Underlying the myriad faults of the series is a fundamental misdiagnosis of the overall health of the genre: The blues of "The Blues," while enormously influential in its day, is today a beleaguered thing; it's in retreat, neglected, wearily resilient.
You would never know — because "The Blues" doesn't tell you — that there's a critically venerated and surprisingly successful band called the White Stripes that has made the blues avant-garde again. Or that a filthy-rich and mass-popular band like Aerosmith doesn't think it's a bad career move to make an all-blues album, which it plans to release next year. Or that there are young blues-guitar classicists like Joe Bonamassa, Jonny Lang and Kenny Wayne Shepherd doing pretty well for themselves on the touring circuit.

The entire series treated the blues like some museum piece, a precious, 'til now undiscovered Mozart symphony which must be treated with reverence and kid gloves, rather than raucous and dynamic, traditionally based, to be sure, but relevant and evolving ... and far from spent.

I was also stunned that so few active, contemporary blues artists (other than the venerated ones -- B.B. King, Ray Charles, Dr. John, Jay McShann, Pinetop Perkins; and the neo-traditionalists like Taj Mahal, Keb Mo, Corey Harris) even merited a mention in the show. (Don't get me wrong; I love these guys.) But as the Times review noted, there's a vibrant club-and-concert circuit of national touring acts and local artists alike. A lot of the musicians are Baby Boomers or younger. And they sure know how to entertain. But these folks were ignored by the series.

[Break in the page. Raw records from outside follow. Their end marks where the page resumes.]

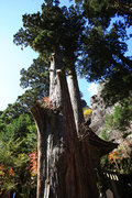 高さ30メートル以上、樹齢500年以上の巨木。国の天然記念物。武田信玄が戦勝を祈願して矢を射たという伝説が残っています。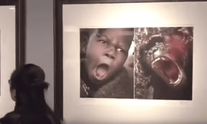 A photo of an African boy and a gorilla by Yu Huiping in an exhibit in China.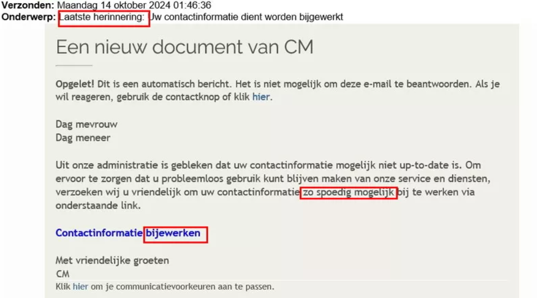 Zinnen als “Uw account wordt vandaag nog geblokkeerd” of “Direct actie vereist” zijn bedoeld om paniek te veroorzaken.
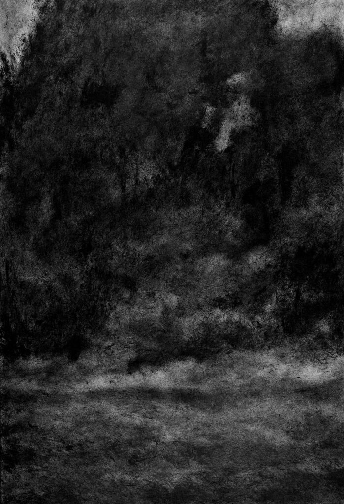 Le noir, une forme de mystère y perdure depuis la nuit des temps. Inquiétant mais surtout inconnu, ce qui s’y tapit peut prendre toutes les formes vivantes ou imaginaire. Il relie les mondes et les espaces entre eux, qu’ils soient réels ou chimériques, provenant des âges lointains ou du présent. C’est le reflet de ce qui fut et de ce qui sera probablement. Cet élément à l’infini potentiel suggestif se rapproche dans mon esprit de ce qui pourrait définir une partie du sentiment naturel. Un monde aux imperceptibles connections dont la sophistication et la richesse dépassent de loin nos propres perceptions. Le nature et le noir se lient dans le mystère et le fantasme.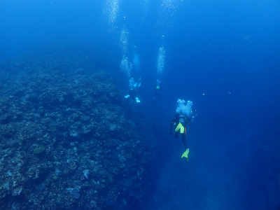 到着当日の午前中まで大雨で、飛行機も着くかどうか分からない状況だったにもかかわらず、潜ってしまえば上の写真通り透明度30mほどありました。地元の人は透明度悪いようと言っていましたが、伊豆育ちの我々はサイコーの透明度です。ただ、水温が低く23℃でした。伊豆と一緒って何?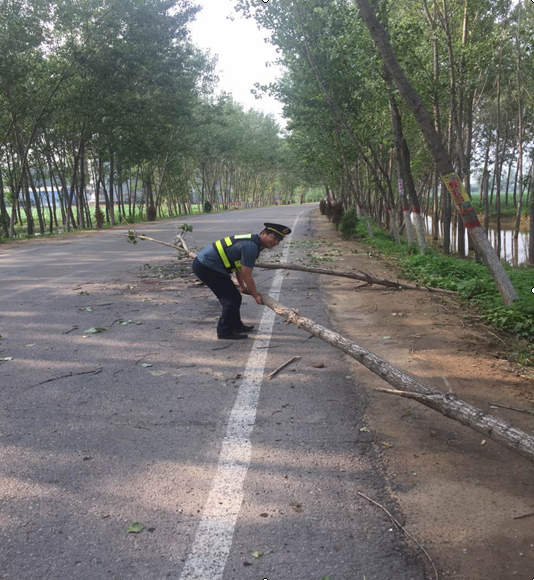 7月19日晚,滑县境内突降暴雨,导致农村公路沿线部分树木倒伏,路肩损毁严重,造成了极大地道路安全隐患。20日一大早,大雨刚过,滑县交通运输局就立即组织执法和养护工作人员,分兵数路深入所管辖的600余公里县乡公路进行抢险保通工作。据统计当天共对水毁路肩设置临时标志100余处,清除刮倒树木30余处,保障了全县农村公路的安全畅通。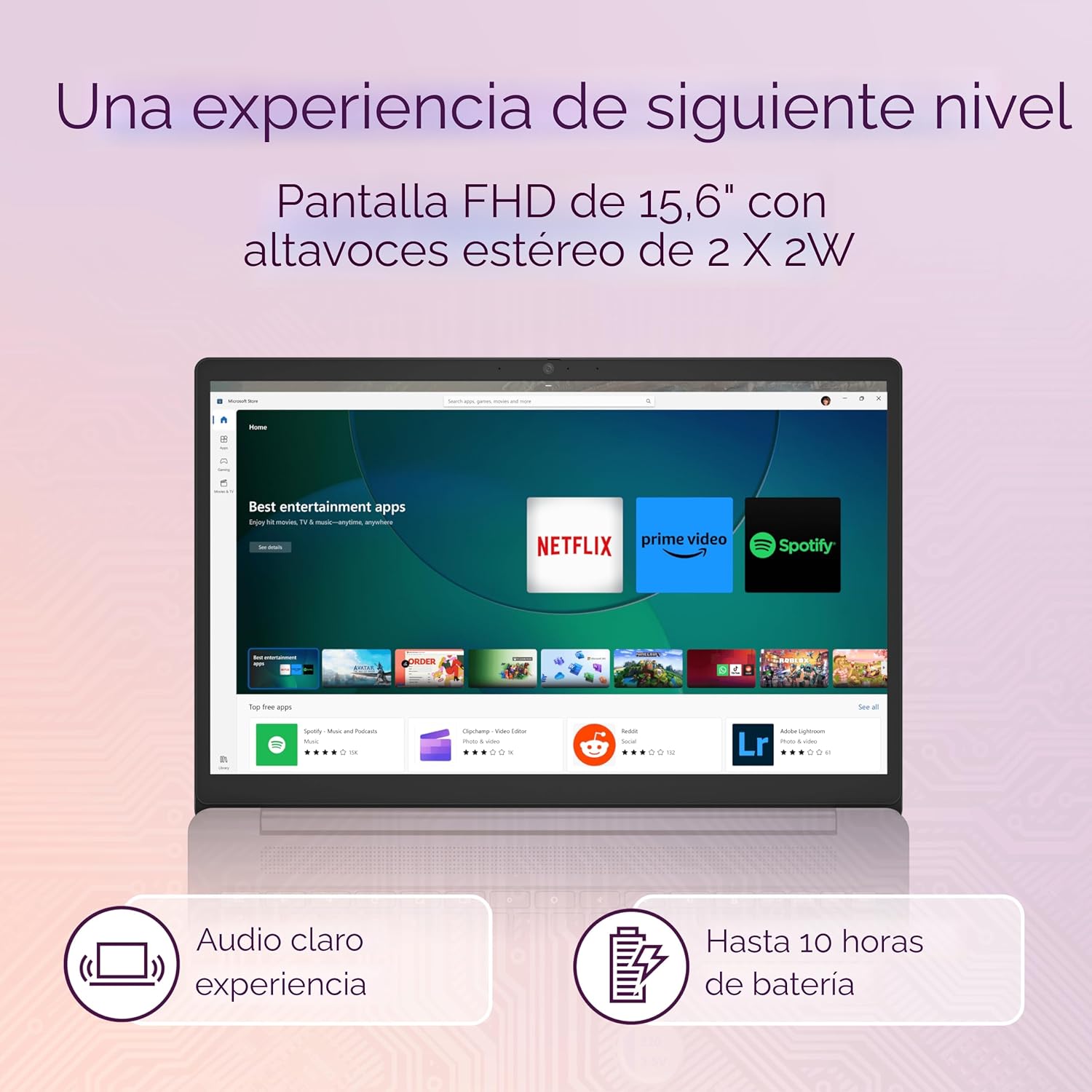 - Pantalla Full HD 1920x1080 de 15.6" que brinda imágenes vibrantes y detalles precisos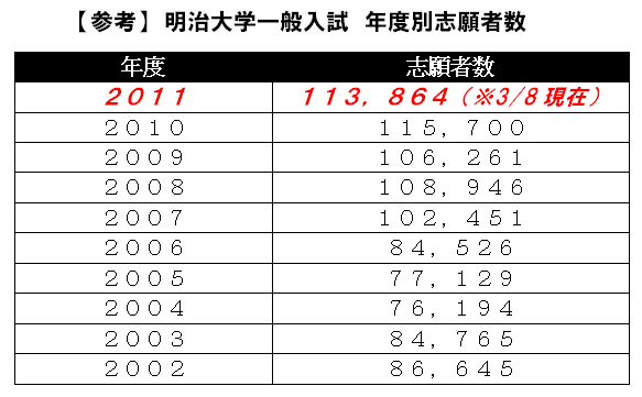 【速報】 明治大学 2011年度一般入試

I wondered how working musicians viewed the series, when lo and behold, we received our quarterly e-mail from Honey Piazza, the Chicago-born pianist from the great, SoCal-based blues band Rod Piazza and the Mighty Flyers (their Web site's in the middle of a renovation, but it has offered great content in the past; stay tuned). Here's what this 30-year veteran of the blues circuit had to say:

I, personally, am glad to see "The Year of the Blues" come to an end!! Other than an incomplete documentary coming out on mainstream TV (where were all of the "meat-and-potato" performers who have been fighting out on the front line for years, us included?), all of the touring acts suffered with festivals canceling due to eliminated city/state funds, and club owners closing their doors due to poor turn-outs. We are all hoping for a turnaround in 2004.

OK, so 2003 wasn't a great year for niche performers, either.

From earlier dispatches, Honey noted that the post-9/11 world has been unkind to musicians who rely on air travel to hop from one gig to another ... particularly when they have lots of equipment in tow. That said, there are hundreds of talented, exciting, rockin' blues bands playing all over. Give 'em a little love.